The Jahalin Bedouin are a Palestinian tribe who currently live in the Judean desert of the West Bank.
In March 1875 Claude R. Conder, leader of the Palestine Exploration Fund survey team, reported the land south of Ain Jidy, close to Masada, belonged to the Jahalin. He met one of their sheikhs, Abu Dahuk, and noted the size and strength of their horses and their fondness for tobacco. He states that they had recently been driven from their country by Dhullam Arabs and mentions a war going on three hours from the team's camp at Beit Jibrin. Earlier in the same year one of Conder's colleagues on the survey listed the Jahalin as numbering 150 men, with 100 tents.
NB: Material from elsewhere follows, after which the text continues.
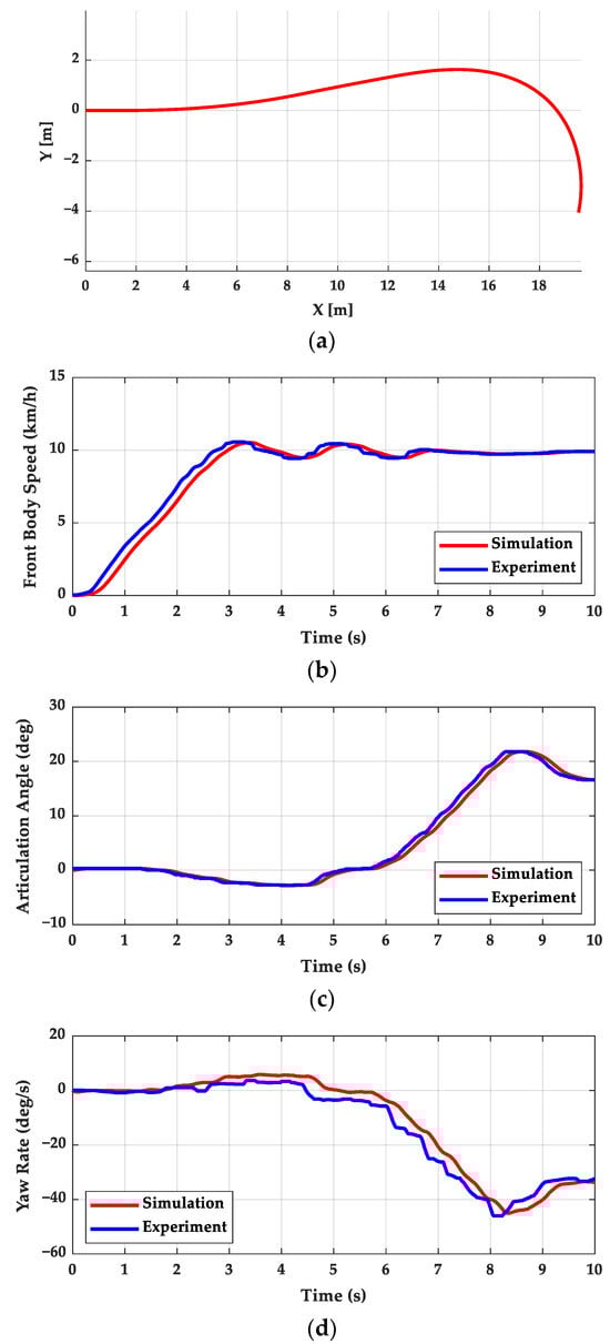- Oreh, S.T.; Kazemim, R.; Azadi, S. A new desired articulation angle for directional control of articulated vehicles. Proc. Inst. Mech. Eng. K J. Multi-body Dyn. 2012, 226, 298–314. [Google Scholar] [CrossRef]

The Jahalin lived in the Tel Arad region of the Negev at the time of the creation of the state of Israel. In 1952, the Jahalin were evicted from their traditional lands by the Israeli army and settled at a location now within the boundaries of Maale Adumim. There, took up their traditional seminomadic lifestyle, grazing livestock in the nearby area and the Jordan Valley. However, after the 1967 Israeli occupation of the West Bank, access to their grazing grounds was increasingly restricted by the Israeli military.
The tribe currently lives in villages such as ʿArab al-Jahalin and Khan al-Ahmar east of Jerusalem, bordered by the Israeli settlements of Maale Adumim and Pisgat Ze’ev. On 16 September 2014 it was announced that they would be moved to a new area in the Jordan Valley north of Jericho.